Ayala la pelea dentro y fuera de la cancha
Compitió de igual a igual con los profesionales: el campeón Boca, River y Barracas. Otra vez fue el mejor del interior

Viernes 16 de Junio de 2017

Gabriel Ayala la lucha dentro y fuera de cancha. Es el capitán y emblema de General Paz, equipo sensación y líder del torneo Gobernador Molinas con 8 fechas disputadas. El Gabi es uno de los tantos jugadores de la Rosarina que trabajan, que son jefes de familia y que los domingos despuntan el vicio de jugar para diferentes equipos en los certámenes de Primera A, B y C.

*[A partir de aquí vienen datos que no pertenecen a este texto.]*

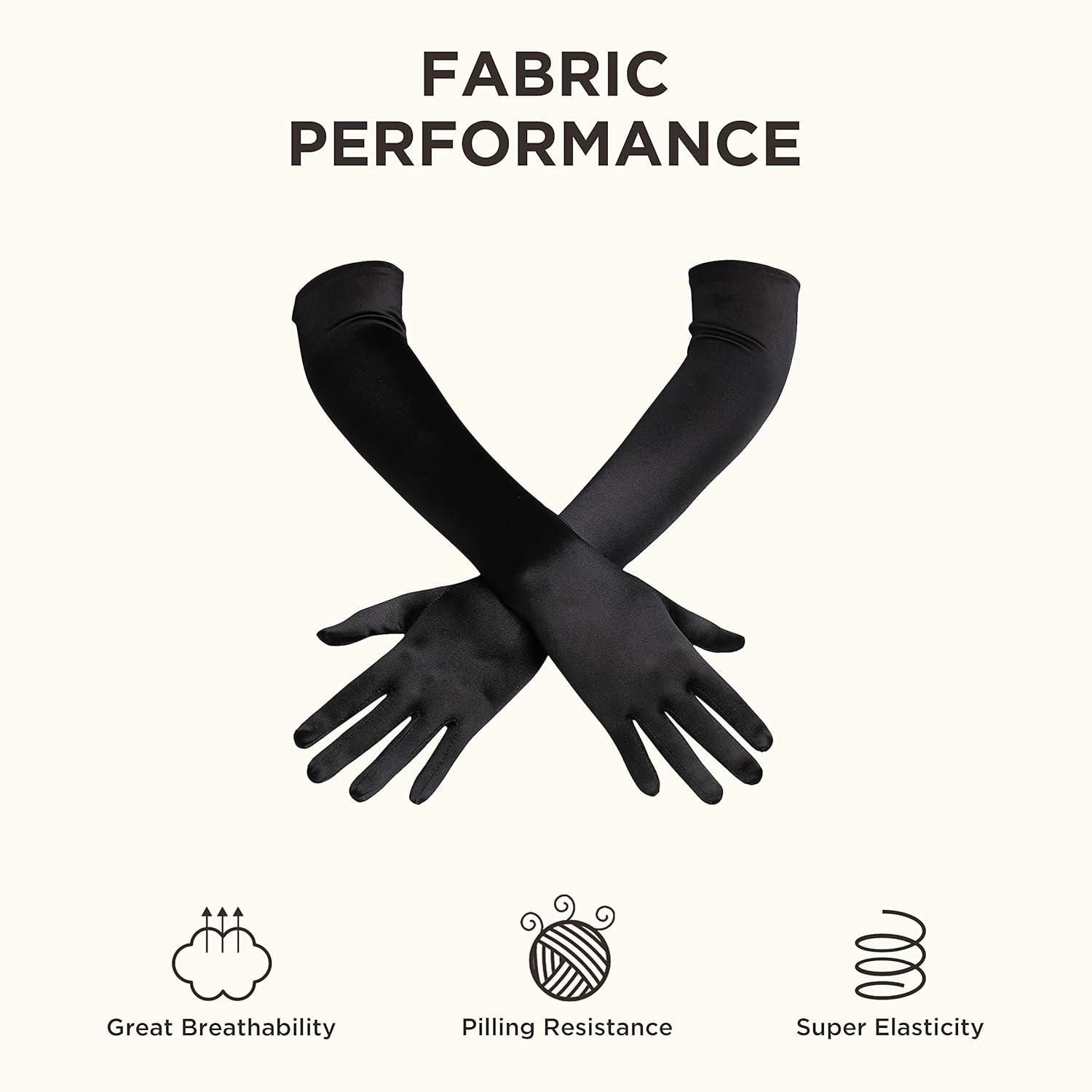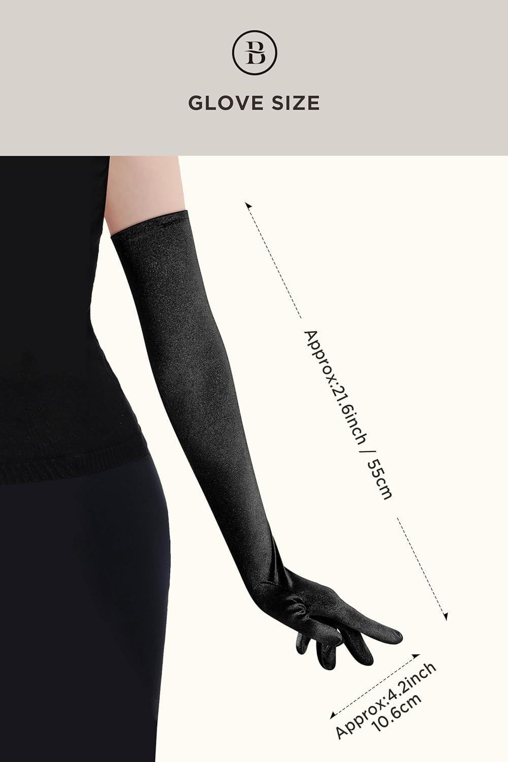 BABEYOND Long Opera Party 1920s Satin Tea Party Gloves Costume Stretchy Adult Size Elbow Length Bridal Gloves(Black)

Para el referente de la V azulada no todo es sencillo. Para subsistir en el día a día debe trabajar como cuidacoches durante 8 horas todos los días, en el Casino de la ciudad, para así poder alimentar a sus dos hijos y esposa.

"No es ninguna deshonra trabajar de cuidacoches. Lo hago para llevarle el pan de cada día a mi familia. La situación está muy complicada y a pesar de todo hago todo para darle lo mejor a mis hijos", sostuvo Ayala en diálogo con Ovación en su lugar de trabajo, en la colectora de Bulevar Oroño y Avenida Circunvalación.

La vida de Ayala estuvo golpeada por algunas situaciones en el pasado y pudo salir. "Es duro para un chico que perdió el padre. Hoy los pibes se tiran a la droga. A los 15 años me junté con personas que me llevaron por mal camino y recibí un disparo", contó.

A raíz de esa situación "estuve 45 días en coma. En las cirugías que me realizaron para salvarme la vida me extirparon un riñón. Gracias a Dios hoy la puedo contar", contó el número 5 de General Paz.

Después de superar los dos meses de internación su vida tuvo un giro de 180 grados. Nació su primer hijo y a la vez perdió a su padre en un accidente.

"A partir de la llegada de mi hijo Uriel y el fallecimiento de mi papá Daniel hice un quiebre en mi vida. Me dediqué a trabajar por mi familia (Tiziano, el hijo menor, su esposa Yanina y su madre Margarita). Juré dedicarme a jugar en nombre de mi padre", confió el capitán del equipo sensación.

Ayala llegó a General Paz y en las temporadas 2015 y 2016, de la mano de David Santamaría como entrenador, lograron los torneos Mariano Reyna y Santiago Pinasco en forma consecutiva. Y en este 2017 son punteros del Molinas.

"De la mano de los dirigentes y del DT comenzamos a transcender por la unión del grupo y por el fútbol que practicamos. Nos ganamos el respecto de todos", concluyó.